**Data segment:**
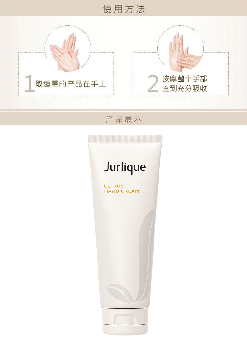 取适量的产品在手上,按摩整个手部直到充分吸收。每天可根据需要多次使用。手腕及关节部分可加强 (足部亦可使用) 。更可作为手膜使用
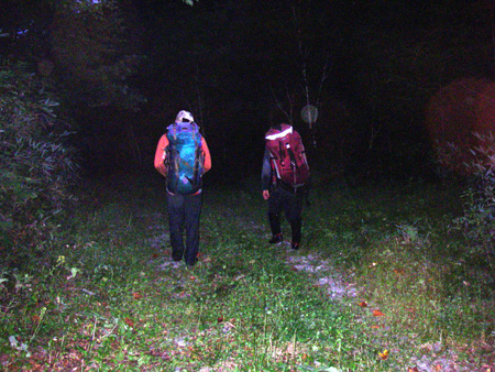 テントを撤収して暗くなると同時に林道着。
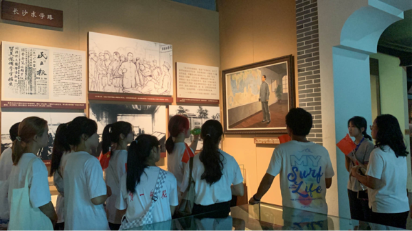 校团委学生干部打卡毛泽东与第一师范纪念馆。大礼堂、八班教室、水井、自习室、阅报室、君子亭……走在属于同学们自己的红色校园里,听着一个个红色历史故事,100多年前那段激情澎湃的岁月近在眼前。物理与化学学院邓磊同学表示:“我要向青年毛泽东学习,秉承‘要做人民的先生,先做人民的学生’的校训,在一师打好坚实的学问基础、思想基础、身体基础和实践基础。”

**Activity:** The material must be restated verbatim. Its pictures must be omitted.

**Worked solution:**
 取适量的产品在手上,按摩整个手部直到充分吸收。每天可根据需要多次使用。手腕及关节部分可加强 (足部亦可使用) 。更可作为手膜使用
 テントを撤収して暗くなると同時に林道着。
 校团委学生干部打卡毛泽东与第一师范纪念馆。大礼堂、八班教室、水井、自习室、阅报室、君子亭……走在属于同学们自己的红色校园里,听着一个个红色历史故事,100多年前那段激情澎湃的岁月近在眼前。物理与化学学院邓磊同学表示:“我要向青年毛泽东学习,秉承‘要做人民的先生,先做人民的学生’的校训,在一师打好坚实的学问基础、思想基础、身体基础和实践基础。”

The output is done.